Akin to the Federal Deposit Insurance Corp., the agency would oversee such issues as the $165 million in bonuses paid to AIG executives who reportedly ran the insurer into the ground and the payments the U.S. opted to make, at 100 cents on the dollar, to foreign banks that had purchased credit insurance from AIG, according to the Associated Press and the New York Times.

Meanwhile, a Reuters reports that U.S. Sen.
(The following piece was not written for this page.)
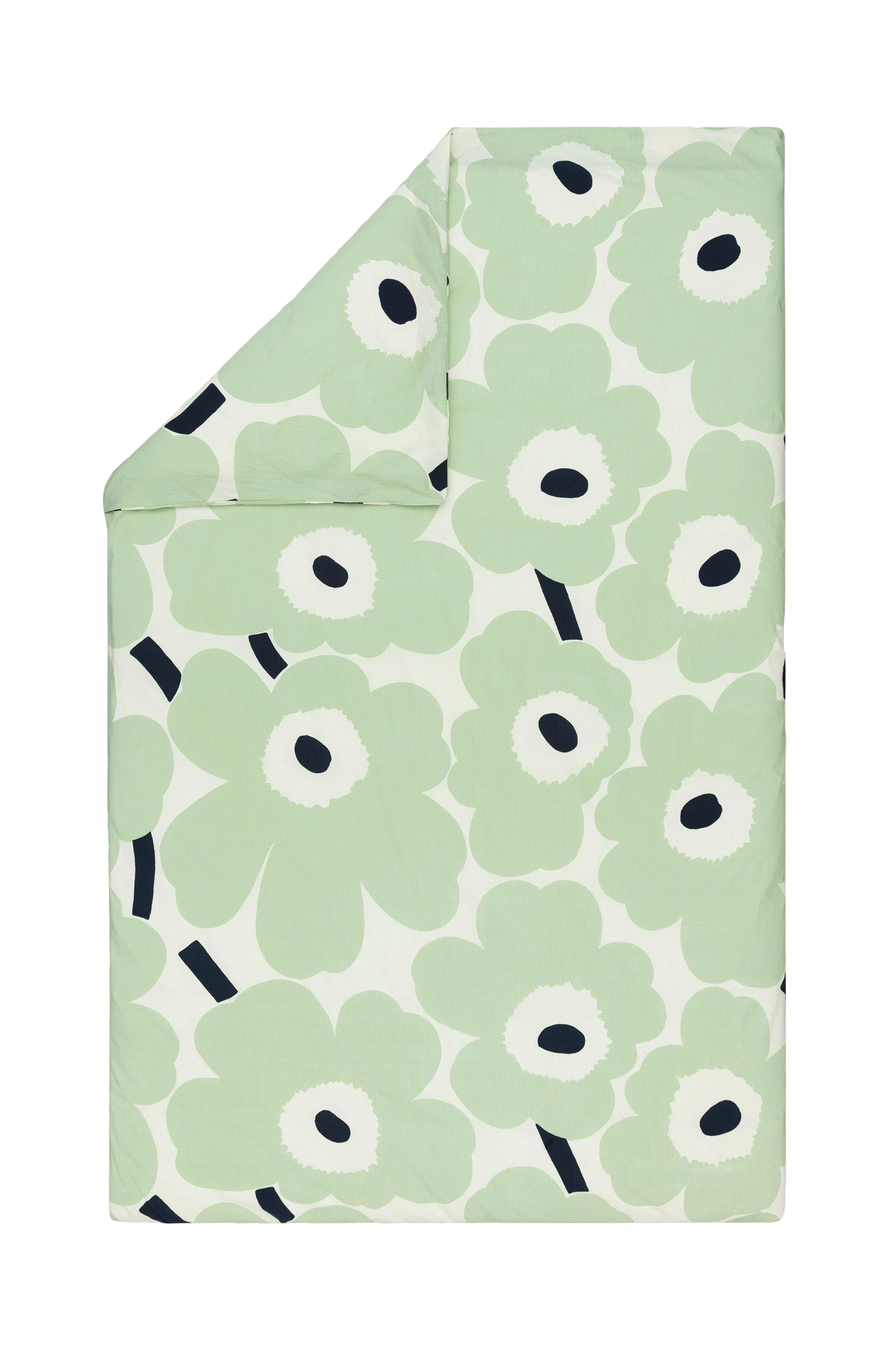 Unikko kuvioitu pussilakanasetti on valmistettu 177 Tc puuvillasta seersucker. Yläkulmissa olevat käsiaukot helpottavat peitteiden vaihtoa. Unikko on Maija Isolan vuonna 1964 luoma ja siitä on sittemmin tullut kansainvälinen painomuotoilun ikoni. Marimekon perustaja Armi Ratia oli sitä mieltä, että aitojen kukkien todellista olemusta ei ole mahdollista vangita uskollisesti painokuviin, minkä vuoksi kukkapainatukset jätettiin aiemmin Marimekon mallistojen ulkopuolelle. Niinpä Maija Isola suunnitteli Unikko niin, että se on pikemminkin abstraktio kukasta kuin fotorealistinen toisinto. Nykyään Unikko on voimakas ilon ja luovuuden symboli, joka on integroitu saumattomasti Marimekon design-identiteettiin.

Charles Grassley (R-Iowa) asked the U.S. Treasury Department’s inspector general to look into whether Treasury officials “made any effort to forestall payments of bonuses or demanded waivers of bonuses.” (AIG’s chief was calling today for some executives to give back half the bonus money they received—a move described by New York’s attorney general as too little, too late, reports the New York Times in another article.)
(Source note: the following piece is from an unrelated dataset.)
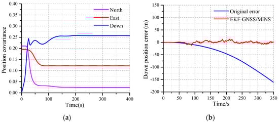 In the project, in addition to considering the type of sensor applied, the environmental conditions of the system application, the complexity of the algorithm, the accuracy, and the cost of hardware equipment should also be considered. The EKF is a good combination filter. Based on the above considerations, we propose a combination of dual-antenna GNSS and a Micro-electromechanical Systems-Inertial Navigation System (MINS). The dual-antenna GNSS can provide accurate velocity, position, heading angle, and pitch angle []. A gyroscope can provide a high precision attitude angle in a short time but suffers from accumulating errors caused by the gyro biases. Two-antenna GNSS can provide a very accurate yaw angle and pitch in a long time, but the update rate is low. Thus, it is reasonable for it to be combined with the high update rate derived from gyros. In this way, system navigation performance could improve. EKF is a very practical nonlinear filtering algorithm. Because of its simple structure, it is widely used in the field of integrated navigation []. Considering the accuracy and real-time of the algorithm, EKF is used as the combined navigation filtering algorithm. Therefore, the integration of these sensors and filtering algorithms seems to be optimal.

Amidst the furor, President Barack Obama is seeking to create a new FDIC-like federal agency that would have the power to abrogate contracts and dispose of property in such situations, reports the Wall Street Journal.

This “would allow us proactively to get out in front, make sure that we are separating out bad assets from good, dealing with contracts that may be inappropriate, and preventing the kinds of systemic risks that we’ve seen taking place with AIG,” the president says.

Related coverage:

ABAJournal.com: “Outraged Congress Mulls Special AIG Bonus Law: Tax Could Be 100%”

Wall Street Journal (sub. req.): “Hedge Funds May Get AIG Cash”

Wall Street Journal Law Blog: “Bonusgate Rolls On: A Ruling in Merrill; Cuomo Slams AIG”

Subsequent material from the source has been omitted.